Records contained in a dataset
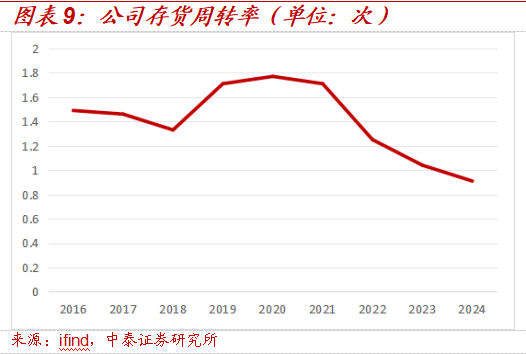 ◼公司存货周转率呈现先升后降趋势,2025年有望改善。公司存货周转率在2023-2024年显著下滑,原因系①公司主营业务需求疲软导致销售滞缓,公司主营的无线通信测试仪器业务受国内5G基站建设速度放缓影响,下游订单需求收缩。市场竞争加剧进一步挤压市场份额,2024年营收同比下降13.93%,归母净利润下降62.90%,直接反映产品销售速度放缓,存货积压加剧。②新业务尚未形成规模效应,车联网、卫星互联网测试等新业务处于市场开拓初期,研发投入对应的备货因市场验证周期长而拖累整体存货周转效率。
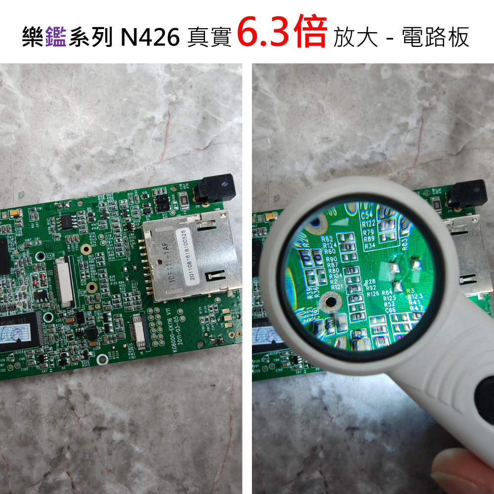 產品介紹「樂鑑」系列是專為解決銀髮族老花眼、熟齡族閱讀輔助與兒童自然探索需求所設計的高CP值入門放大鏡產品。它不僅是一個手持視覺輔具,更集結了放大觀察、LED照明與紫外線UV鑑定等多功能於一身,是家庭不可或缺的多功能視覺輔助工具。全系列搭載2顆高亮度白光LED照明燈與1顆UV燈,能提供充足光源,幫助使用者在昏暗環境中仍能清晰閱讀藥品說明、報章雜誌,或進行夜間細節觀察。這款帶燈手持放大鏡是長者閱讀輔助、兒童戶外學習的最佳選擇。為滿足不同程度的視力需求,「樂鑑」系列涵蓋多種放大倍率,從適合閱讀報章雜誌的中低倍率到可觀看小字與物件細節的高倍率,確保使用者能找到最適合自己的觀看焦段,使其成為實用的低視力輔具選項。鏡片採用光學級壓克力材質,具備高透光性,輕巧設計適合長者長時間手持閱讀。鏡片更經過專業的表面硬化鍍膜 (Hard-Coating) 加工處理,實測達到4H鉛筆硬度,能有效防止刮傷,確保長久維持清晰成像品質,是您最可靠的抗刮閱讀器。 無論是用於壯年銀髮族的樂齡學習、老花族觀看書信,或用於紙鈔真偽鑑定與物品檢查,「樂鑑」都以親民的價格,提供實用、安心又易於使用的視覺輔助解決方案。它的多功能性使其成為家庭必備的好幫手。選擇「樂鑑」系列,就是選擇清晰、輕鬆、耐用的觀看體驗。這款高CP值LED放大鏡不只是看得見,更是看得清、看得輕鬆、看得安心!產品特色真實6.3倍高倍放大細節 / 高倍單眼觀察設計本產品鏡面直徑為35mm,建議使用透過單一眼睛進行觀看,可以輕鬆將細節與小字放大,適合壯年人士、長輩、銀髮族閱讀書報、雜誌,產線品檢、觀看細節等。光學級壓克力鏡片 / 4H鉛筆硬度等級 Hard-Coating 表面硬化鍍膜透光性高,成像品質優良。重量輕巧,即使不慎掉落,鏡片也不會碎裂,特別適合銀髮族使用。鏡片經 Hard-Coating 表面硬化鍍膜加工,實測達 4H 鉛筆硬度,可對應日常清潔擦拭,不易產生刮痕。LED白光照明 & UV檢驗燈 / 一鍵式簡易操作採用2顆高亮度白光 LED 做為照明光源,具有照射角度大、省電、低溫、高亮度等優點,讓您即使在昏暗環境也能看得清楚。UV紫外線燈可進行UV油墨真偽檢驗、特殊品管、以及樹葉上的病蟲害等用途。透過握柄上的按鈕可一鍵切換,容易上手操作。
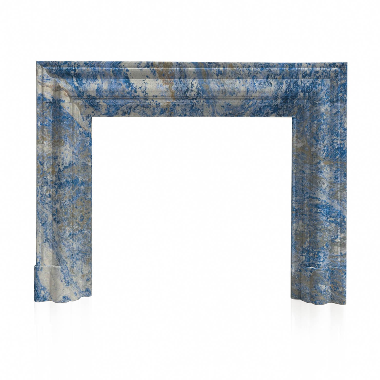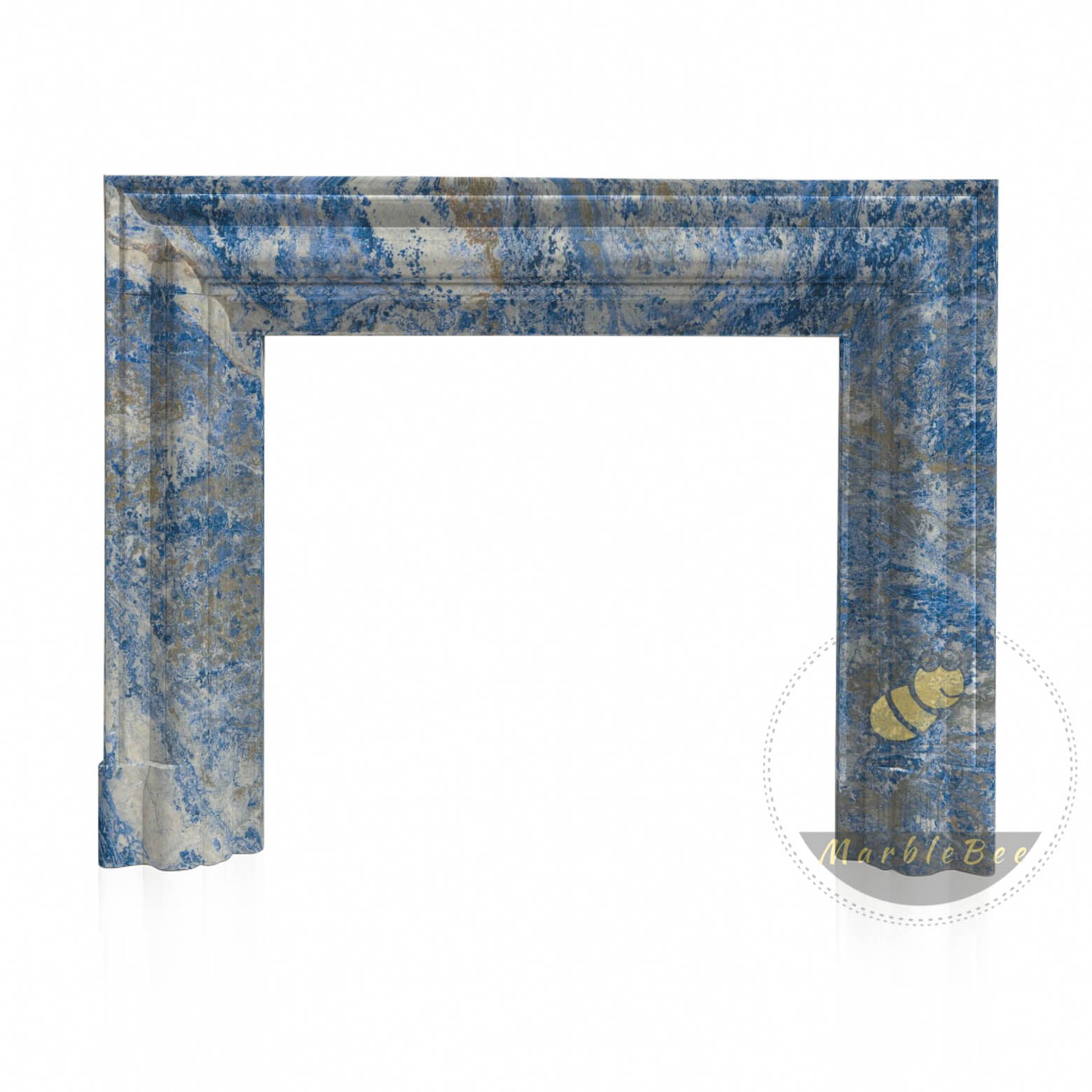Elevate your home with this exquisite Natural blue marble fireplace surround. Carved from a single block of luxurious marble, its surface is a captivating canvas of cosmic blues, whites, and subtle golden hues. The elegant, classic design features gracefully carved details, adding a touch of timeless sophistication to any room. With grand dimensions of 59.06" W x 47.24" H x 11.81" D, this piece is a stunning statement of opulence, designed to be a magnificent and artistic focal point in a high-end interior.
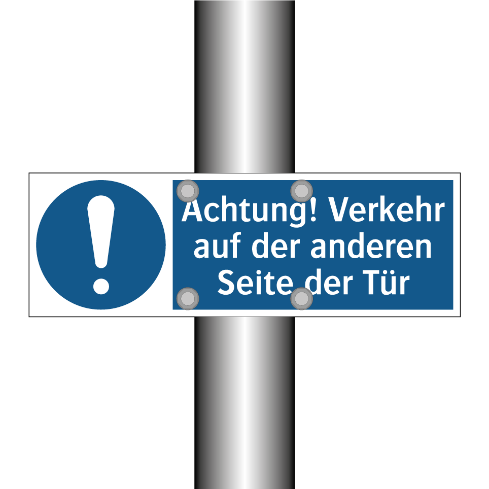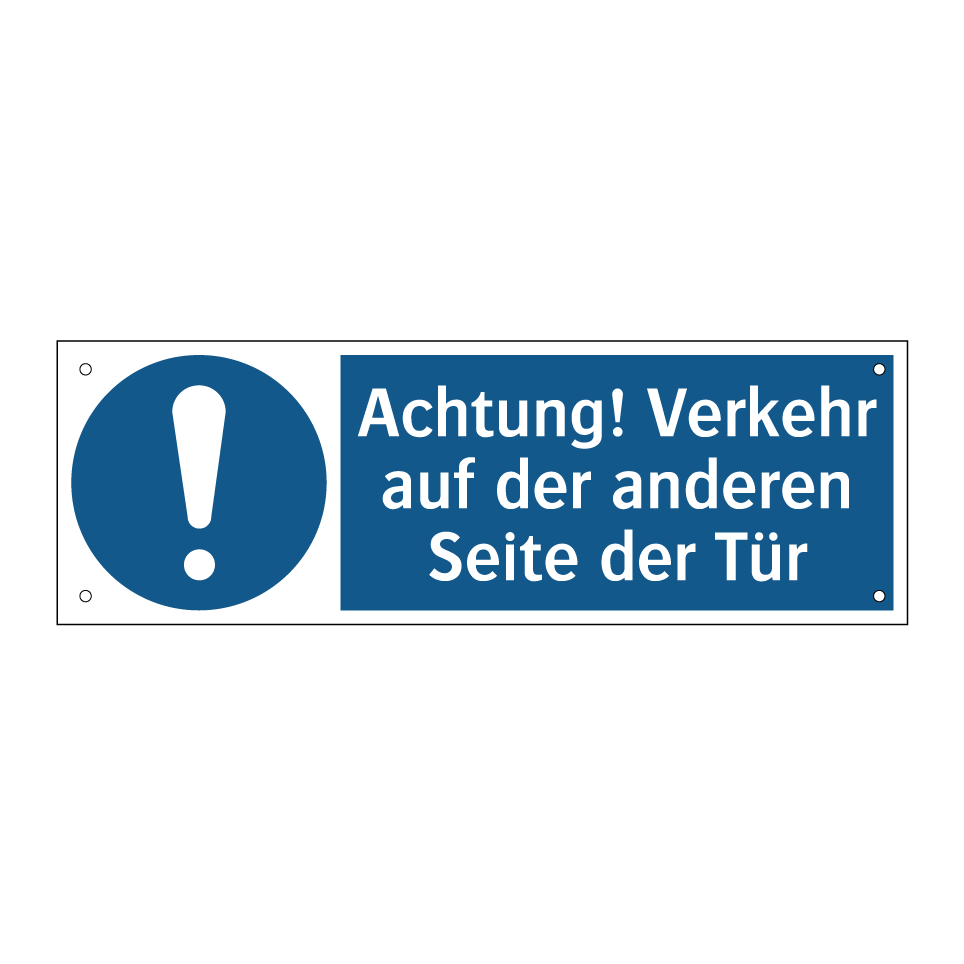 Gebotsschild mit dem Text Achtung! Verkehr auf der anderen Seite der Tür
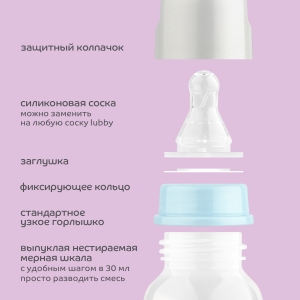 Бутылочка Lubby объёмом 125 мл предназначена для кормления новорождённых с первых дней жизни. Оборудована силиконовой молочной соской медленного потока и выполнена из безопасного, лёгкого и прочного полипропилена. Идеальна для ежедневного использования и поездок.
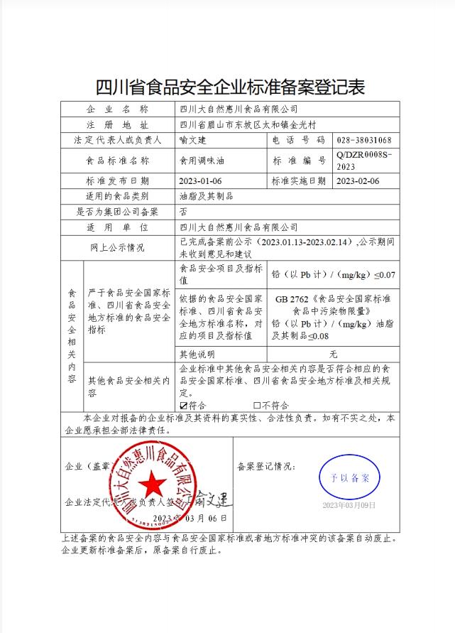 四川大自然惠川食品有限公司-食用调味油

### Work to be completed
Write the records out again in full, exactly, and skip every picture.

### Completed exercise
 ◼公司存货周转率呈现先升后降趋势,2025年有望改善。公司存货周转率在2023-2024年显著下滑,原因系①公司主营业务需求疲软导致销售滞缓,公司主营的无线通信测试仪器业务受国内5G基站建设速度放缓影响,下游订单需求收缩。市场竞争加剧进一步挤压市场份额,2024年营收同比下降13.93%,归母净利润下降62.90%,直接反映产品销售速度放缓,存货积压加剧。②新业务尚未形成规模效应,车联网、卫星互联网测试等新业务处于市场开拓初期,研发投入对应的备货因市场验证周期长而拖累整体存货周转效率。
 產品介紹「樂鑑」系列是專為解決銀髮族老花眼、熟齡族閱讀輔助與兒童自然探索需求所設計的高CP值入門放大鏡產品。它不僅是一個手持視覺輔具,更集結了放大觀察、LED照明與紫外線UV鑑定等多功能於一身,是家庭不可或缺的多功能視覺輔助工具。全系列搭載2顆高亮度白光LED照明燈與1顆UV燈,能提供充足光源,幫助使用者在昏暗環境中仍能清晰閱讀藥品說明、報章雜誌,或進行夜間細節觀察。這款帶燈手持放大鏡是長者閱讀輔助、兒童戶外學習的最佳選擇。為滿足不同程度的視力需求,「樂鑑」系列涵蓋多種放大倍率,從適合閱讀報章雜誌的中低倍率到可觀看小字與物件細節的高倍率,確保使用者能找到最適合自己的觀看焦段,使其成為實用的低視力輔具選項。鏡片採用光學級壓克力材質,具備高透光性,輕巧設計適合長者長時間手持閱讀。鏡片更經過專業的表面硬化鍍膜 (Hard-Coating) 加工處理,實測達到4H鉛筆硬度,能有效防止刮傷,確保長久維持清晰成像品質,是您最可靠的抗刮閱讀器。 無論是用於壯年銀髮族的樂齡學習、老花族觀看書信,或用於紙鈔真偽鑑定與物品檢查,「樂鑑」都以親民的價格,提供實用、安心又易於使用的視覺輔助解決方案。它的多功能性使其成為家庭必備的好幫手。選擇「樂鑑」系列,就是選擇清晰、輕鬆、耐用的觀看體驗。這款高CP值LED放大鏡不只是看得見,更是看得清、看得輕鬆、看得安心!產品特色真實6.3倍高倍放大細節 / 高倍單眼觀察設計本產品鏡面直徑為35mm,建議使用透過單一眼睛進行觀看,可以輕鬆將細節與小字放大,適合壯年人士、長輩、銀髮族閱讀書報、雜誌,產線品檢、觀看細節等。光學級壓克力鏡片 / 4H鉛筆硬度等級 Hard-Coating 表面硬化鍍膜透光性高,成像品質優良。重量輕巧,即使不慎掉落,鏡片也不會碎裂,特別適合銀髮族使用。鏡片經 Hard-Coating 表面硬化鍍膜加工,實測達 4H 鉛筆硬度,可對應日常清潔擦拭,不易產生刮痕。LED白光照明 & UV檢驗燈 / 一鍵式簡易操作採用2顆高亮度白光 LED 做為照明光源,具有照射角度大、省電、低溫、高亮度等優點,讓您即使在昏暗環境也能看得清楚。UV紫外線燈可進行UV油墨真偽檢驗、特殊品管、以及樹葉上的病蟲害等用途。透過握柄上的按鈕可一鍵切換,容易上手操作。
Elevate your home with this exquisite Natural blue marble fireplace surround. Carved from a single block of luxurious marble, its surface is a captivating canvas of cosmic blues, whites, and subtle golden hues. The elegant, classic design features gracefully carved details, adding a touch of timeless sophistication to any room. With grand dimensions of 59.06" W x 47.24" H x 11.81" D, this piece is a stunning statement of opulence, designed to be a magnificent and artistic focal point in a high-end interior.
 Gebotsschild mit dem Text Achtung! Verkehr auf der anderen Seite der Tür
 Бутылочка Lubby объёмом 125 мл предназначена для кормления новорождённых с первых дней жизни. Оборудована силиконовой молочной соской медленного потока и выполнена из безопасного, лёгкого и прочного полипропилена. Идеальна для ежедневного использования и поездок.
 四川大自然惠川食品有限公司-食用调味油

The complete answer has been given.